William H. Hersh

Professor and Chair
 
 

Ph.D. Columbia University (1980)

Office: Remsen 109B

E-Mail: william.hersh@qc.cuny.edu

Phone: (718) 997-4144

FAX: (718) 997-5531
 
 

Current and former group members

Research Interests: Organic/Organometallic; uses of novel phosphorus chemistry in organometallic catalysis, antisense oligonucleotide synthesis, and enantioselective catalysis.
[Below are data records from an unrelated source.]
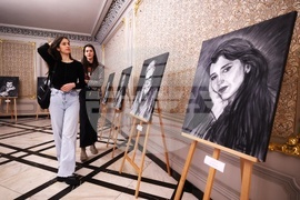 София (14 февруари 2024) Народният театър „Иван Вазов“ и художничката Силвия Богоева (ляво) представят изложбата „Защото на сърцето облекло е лицето“, посветена на спектакъла „Моби Дик“ на режисьора Диана Добрева (дясно).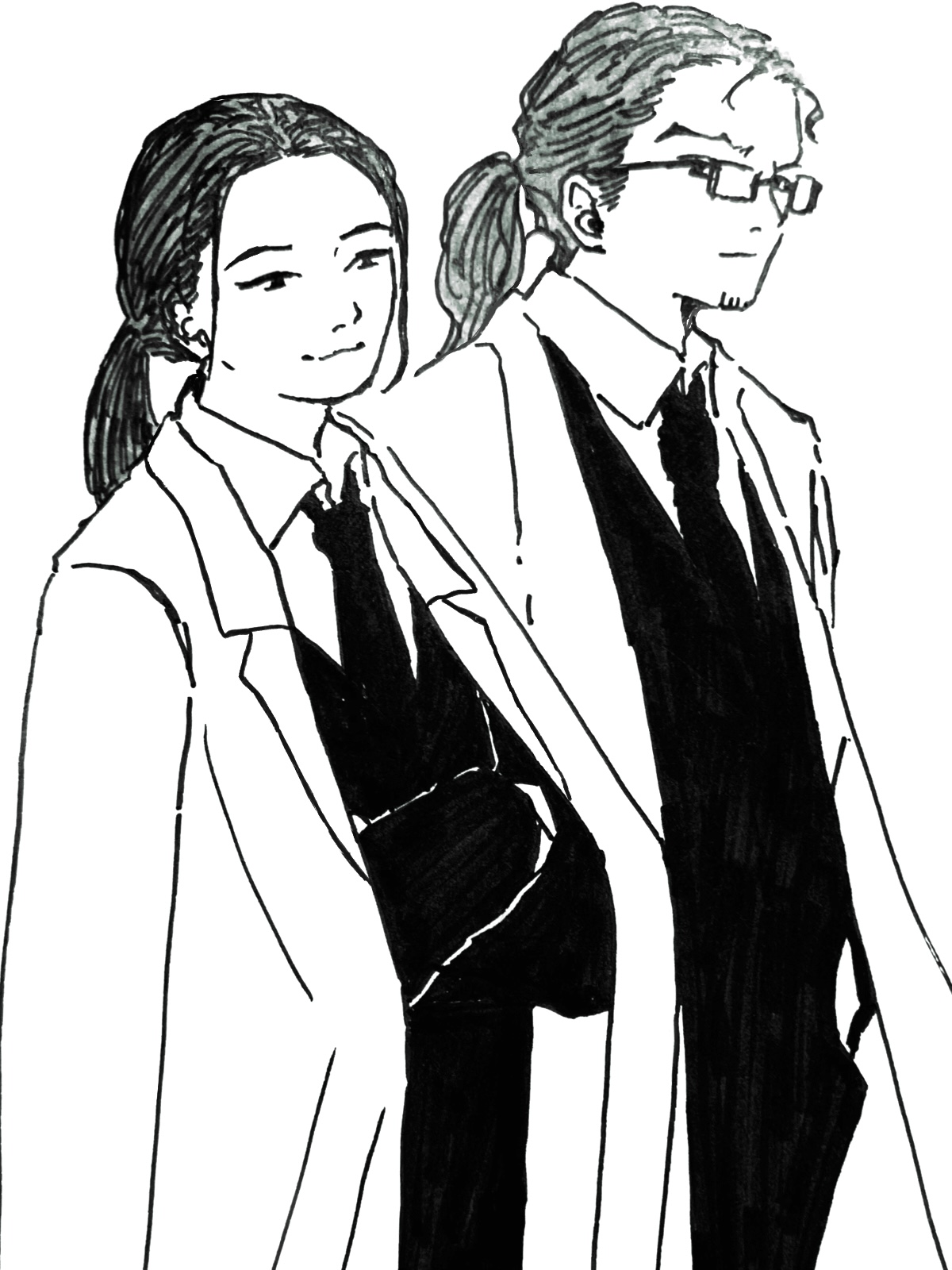 初朗と署長 2024/06/19 下の絵描いてた頃は曖昧だった人体の理解が進んでいるのを感じる。 顎、耳の下あたりの骨、頬骨、目まわり(堀り)、横顔のときの頬の見え方とか 急にわかった。 2023/10/18 とってもなかよし。 #極東新しい国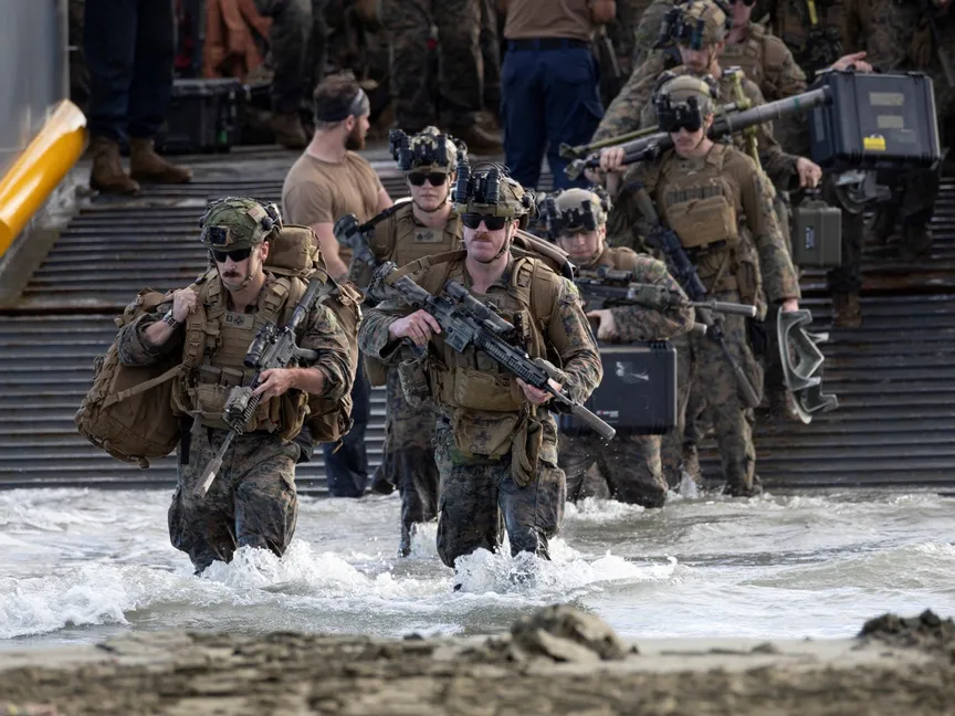 قالت القيادة المركزية الأمريكية إن مشاة البحرية شاركوا في تدريب على متن سفينة الهجوم البرمائي تريبولي في بحر العرب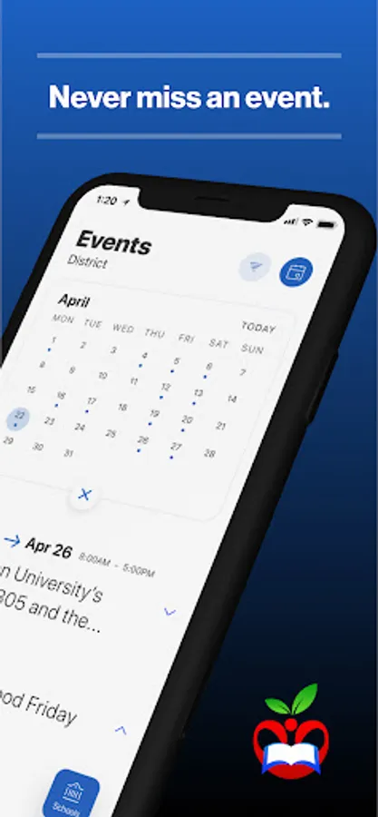 The event section shows a list of events throughout the district. Users can add an event to your calendar to share the event with friends and family with one tap.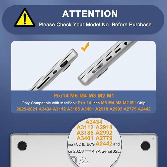 External Dimensions: 12.99 x 9.45 x 1.18 inches (L x W x H). Compatible with MacBook Pro 14 inch M5 A3434/ M4 A3112 A3185 A3401/ M3 A2918 A2992 / M2 A2779 / M1 A2442 Pro / Max with Liquid Retina XDR Display & Touch ID with dimension: 12.31 x 8.71 x 0.61 inch (2025 2024 2023 2022 2021 Released). Please kindly check the model number Axxxx on the back of the laptop before your purchase make sure you choose the exact same model number as the listing title stated A3434 orA3112 orA3185 orA3401 orA2918 or A2992 or A2779 or A2442. Made of waterproof PU leather material. Top opening zippers gliding smoothly and allows convenient access to your device. Unique protective design allows operating your laptop freely without removing the case. Soft PU leather case cover with shock-absorbing features will protect your laptop from scrapes and scratches. Slim and lightweight can easily slide into your briefcase backpack or other bag. This portable protective cover is convenient for you to carry your laptop out when go to work or to travel.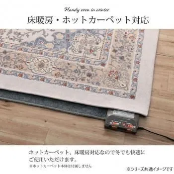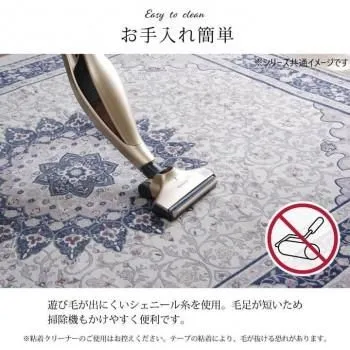 シェニール織りは、18世紀末に英国で生まれ、ドイツで人気が出た両面パイルの織物です。上品な風合いのジャカード織りで、ペルシャ絨毯のようなメダリオン柄を表現。デザイン性が高く、耐久性にも優れています。さらっとした肌触りで、季節を問わず一年中お使いいただけます。裏面にはフローリングを傷つけにくい不織布張り。ホットカーペット、床暖房対応。毛足が短いためお掃除もカンタン。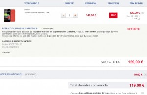 Un autre bon prix pour un smartphone chez carrefouronline … Avec le wiko rainbow rainbow que l’on peut acheter pour 119 euro … Telephone quad core , 5 pouces qui se vend un peu partout entre 145 – 150 euros (149 à la fnac par exemple, 145 chez rdc …)
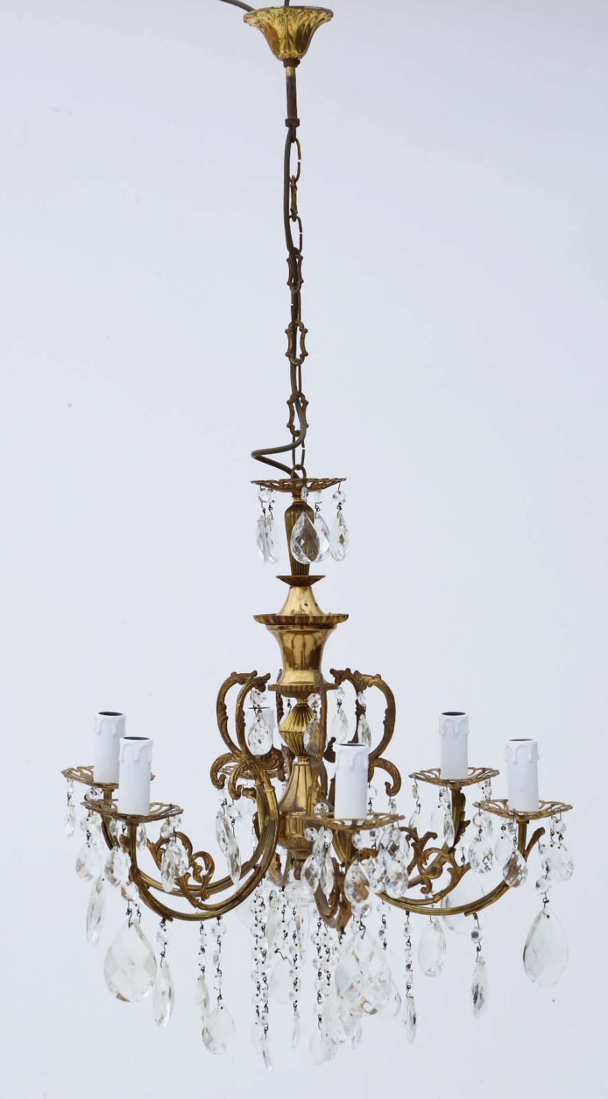 Large Vintage Ormolu Brass 6 Arm / Lamp Crystal Chandelier (1 of 7)
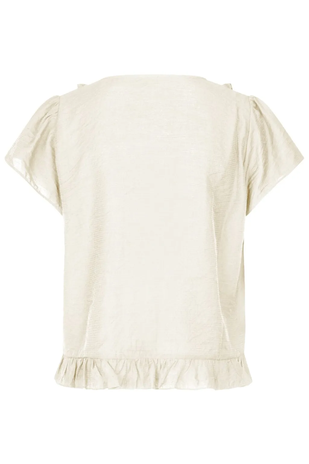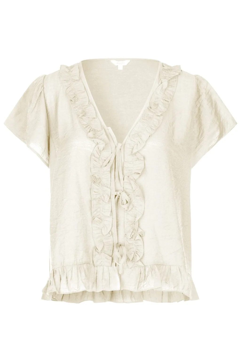 Lys bluse fra MbyM med korte ærmer og V-halsudskæring. Blusen har rynkede flæsekanter langs udskæringen og bindebånd foran. Den lyse Sugar-farve passer til mange outfits.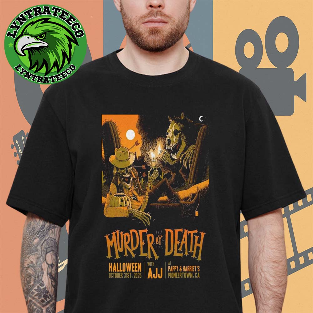 Celebrate a night of haunting melodies and powerful live energy with the Murder By Death With AJJ At Pappy And Harriet’s In Pioneertown CA On October 31, 2025 Unisex T-Shirt. This exclusive concert tee commemorates a legendary Halloween performance under the desert sky, where Murder By Death’s cinematic rock meets AJJ’s raw, emotional punk sound. Made from soft, premium-quality cotton, this shirt offers lasting comfort, breathability, and durability—perfect for concerts, festivals, or everyday wear. The striking design showcases the event’s date and location, making it a must-have for fans who want to remember this unforgettable Halloween night.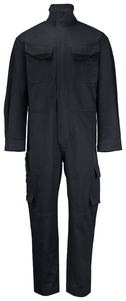 Overall med tvåvägsdragkedja upp till kragen framtill. Djupa sidfickor, även öppningar i sidorna för att komma åt fickor i byxorna under. Bröstfickor på båda sidor med plats för pennor, papper etc den vänstra med fäste för id-kort, fickorna försluts med kardborre. Verktygsficka med knivknapp. Tumstocksficka. Reglerbar midja med invändig resår. Bakfickor, försluts med kardborre. Invändiga knäskyddsfickor.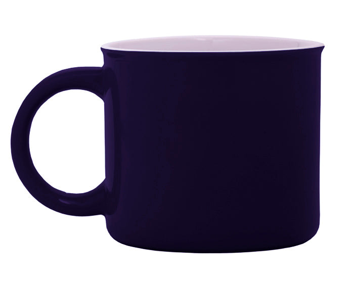 taza de cerámica bicolor acabado brillante de boca abierta, interior color blanco. cap. 15 oz. venta en múltiplos de 12.
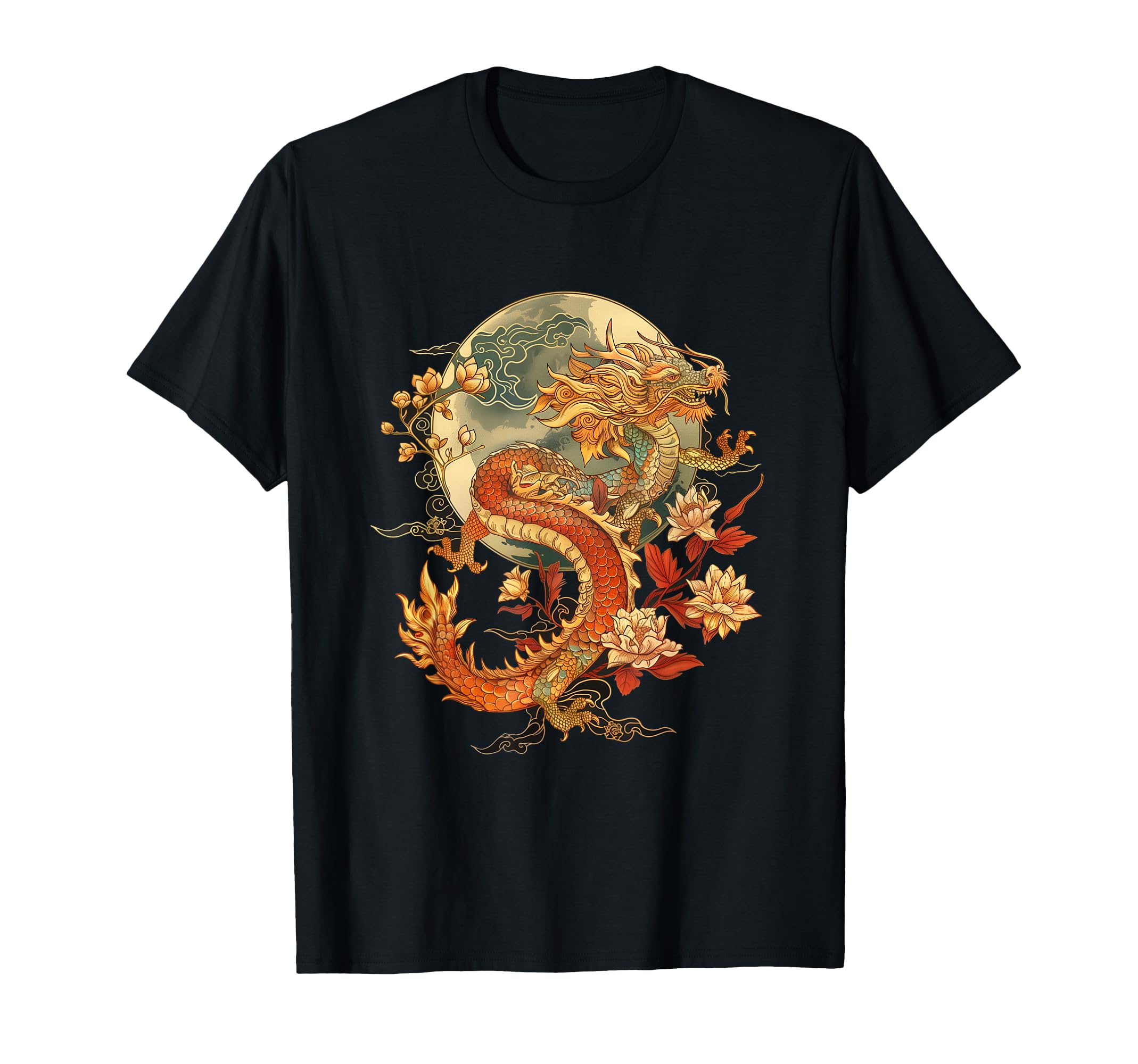 Crimson Lunar Floral Dragon Art Noveau T... |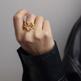 Ehte dünaamiline vorm sünnib käsitööna põimides klassikalisi kullassepatehnikaid ja tuld - esmalt tegutseb disainer skulptorina ning seejärel töötleb loodud vahast ehtemudelit leegiga.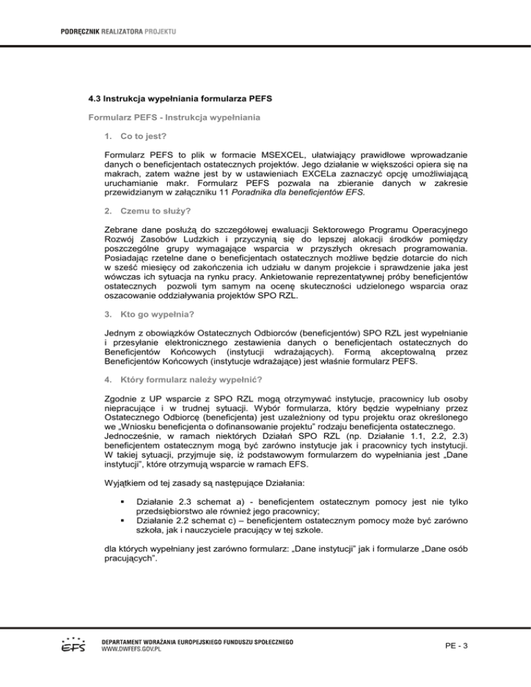 4.3 Instrukcja wypełniania formularza PEFS Formularz PEFS - Instrukcja wypełniania 1. Co to jest? Formularz PEFS to plik w formacie MSEXCEL, ułatwiający prawidłowe wprowadzanie danych o beneficjentach ostatecznych projektów. Jego działanie w większości opiera się na makrach, zatem waŜne jest by w ustawieniach EXCELa zaznaczyć opcję umoŜliwiającą uruchamianie makr. Formularz PEFS pozwala na zbieranie danych w zakresie przewidzianym w załączniku 11 Poradnika dla beneficjentów EFS. 2. Czemu to słuŜy? Zebrane dane posłuŜą do szczegółowej ewaluacji Sektorowego Programu Operacyjnego Rozwój Zasobów Ludzkich i przyczynią się do lepszej alokacji środków pomiędzy poszczególne grupy wymagające wsparcia w przyszłych okresach programowania. Posiadając rzetelne dane o beneficjentach ostatecznych moŜliwe będzie dotarcie do nich w sześć miesięcy od zakończenia ich udziału w danym projekcie i sprawdzenie jaka jest wówczas ich sytuacja na rynku pracy. Ankietowanie reprezentatywnej próby beneficjentów ostatecznych pozwoli tym samym na ocenę skuteczności udzielonego wsparcia oraz oszacowanie oddziaływania projektów SPO RZL. 3. Kto go wypełnia? Jednym z obowiązków Ostatecznych Odbiorców (beneficjentów) SPO RZL jest wypełnianie i przesyłanie elektronicznego zestawienia danych o beneficjentach ostatecznych do Beneficjentów Końcowych (instytucji wdraŜających). Formą akceptowalną przez Beneficjentów Końcowych (instytucje wdraŜające) jest właśnie formularz PEFS. 4. Który formularz naleŜy wypełnić? Zgodnie z UP wsparcie z SPO RZL mogą otrzymywać instytucje, pracownicy lub osoby niepracujące i w trudnej sytuacji. Wybór formularza, który będzie wypełniany przez Ostatecznego Odbiorcę (beneficjenta) jest uzaleŜniony od typu projektu oraz określonego we „Wniosku beneficjenta o dofinansowanie projektu” rodzaju beneficjenta ostatecznego. Jednocześnie, w ramach niektórych Działań SPO RZL (np. Działanie 1.1, 2.2, 2.3) beneficjentem ostatecznym mogą być zarówno instytucje jak i pracownicy tych instytucji. W takiej sytuacji, przyjmuje się, iŜ podstawowym formularzem do wypełniania jest „Dane instytucji”, które otrzymują wsparcie w ramach EFS. Wyjątkiem od tej zasady są następujące Działania: Działanie 2.3 schemat a) - beneficjentem ostatecznym pomocy jest nie tylko przedsiębiorstwo ale równieŜ jego pracownicy; Działanie 2.2 schemat c) – beneficjentem ostatecznym pomocy moŜe być zarówno szkoła, jak i nauczyciele pracujący w tej szkole. dla których wypełniany jest zarówno formularz: „Dane instytucji” jak i formularze „Dane osób pracujących”. PE - 3 5. Kiedy formularz jest wypełniany? Część danych zbierana jest w momencie rozpoczęcia udziału beneficjenta ostatecznego w projekcie (np. dane teleadresowe), pozostałe dane muszą być uzupełnione po zakończeniu udziału beneficjenta ostatecznego w projekcie. Trzeba mieć świadomość, iŜ większość zbieranych danych statystycznych bazuje na deklaracjach beneficjenta ostatecznego. 6. Kiedy formularz jest przekazywany? Ostateczny Odbiorca (beneficjent) składa formularz (elektroniczną wersję) wraz ze sprawozdaniami kwartalnymi i sprawozdaniem końcowym z realizacji projektu. Wersja papierowa nie jest wymagana. Formularz, który składany jest przez Ostatecznego Odbiorcę (beneficjenta) wraz ze sprawozdaniem kwartalnym zawierać powinien dane tylko o tych beneficjentach ostatecznych, którzy zakończyli udział w projekcie w danym kwartale, natomiast formularz składany wraz ze sprawozdaniem końcowym powinien zawierać dane o tych beneficjentach ostatecznych, którzy zakończyli udział w projekcie w okresie od ostatniego sprawozdania kwartalnego do sprawozdania końcowego z realizacji projektu. W przypadku projektów których beneficjentami ostatecznymi są nie tylko instytucje, ale takŜe pracownicy [Działanie 2.2 schemat c) oraz Działanie 2.3 schemat c)] formularz: „Dane instytucji” powinien być przekazywany przez Ostatecznego Odbiorcę (Beneficjenta) po zakończeniu udziału danej instytucji w projekcie; „Dane osób pracujących” powinny być przekazywane wraz ze sprawozdaniami kwartalnymi, analogicznie do pozostały Działań SPO RZL (przekazywane są informacje o pracownikach, którzy zakończyli udział w projekcie w danym kwartale). UWAGI: W przypadku gdy konkretny beneficjent ostateczny uczestniczy w kilku formach wsparcia w ramach danego projektu (np. cyklu szkoleń) i jest to wiadome w momencie przyjęcia do projektu lub przed końcem danej formy wsparcia (np. pod koniec szkolenia beneficjent ostateczny zostaje poinformowany, iŜ będzie uczestniczył w kolejnym szkoleniu w ramach trwającego projektu), Ostateczny Odbiorca (beneficjent) wypełnia tylko jeden formularz EXCEL i przekazuje go do Beneficjenta Końcowego (instytucji wdraŜającej) po zakończeniu ostatniej formy wsparcia (np. ostatniego szkolenia) udzielonego beneficjentowi ostatecznemu. W przypadku gdy konkretny beneficjent ostateczny objęty wcześniej wsparciem (jego dane juŜ zostały przesłane wraz z jednym z wcześniejszych sprawozdań), pojawi się ponownie w projekcie naleŜy wypełnić nowy (za bieŜący kwartał) formularz EXCEL. W formularzu naleŜy uwzględnić wszystkie formy wsparcia, z których korzystał beneficjent ostateczny [wcześniejsze te, które juŜ wcześniej zostały zgłoszone do PEFS oraz nowe wraz z pozostałymi danymi]. Tak przesłane dane zaktualizują (podmienią) poprzednio przesłane do Beneficjenta Końcowego (instytucji wdraŜającej) dane. 7. Po co są listy rozwijane i co zrobić w przypadku, gdy nie ma liście jakiejś pozycji/opcji? Listy rozwijane standaryzują sposób wprowadzania danych, tak by moŜna je później przetwarzać i wyciągać wioski. PE - 4 Część punktów (większość list rozwijanych) stworzona jest na podstawie słowników, istnieje zatem moŜliwość ich modyfikacji i uzupełniania. Jeśli

[Phosphorus Chemistry]     [Hydroformylation]     [Antisense Oligonucleotides]     [Diels-Alder Catalysis]     [Back to top]
 

Phosphorus Chemistry. Typical triaryl or trialkyl phosphorus ligands in organometallic compounds are relatively electron-rich.  We have begun investigating novel electron-withdrawing phosphines possessing N-sulfonyl moieties, the first two of which we have named TosL and diTosL(5, 7). We have shown these ligands to be comparable to fluorinated phosphines in electron-withdrawing ability.  Compound 1 is a chiral analog, and is easy to prepare in enantiomerically pure form from the amino acid valine (8, 12).  We are pursuing the many opportunities for steric and electronic tuning of analogues of these phosphoramides.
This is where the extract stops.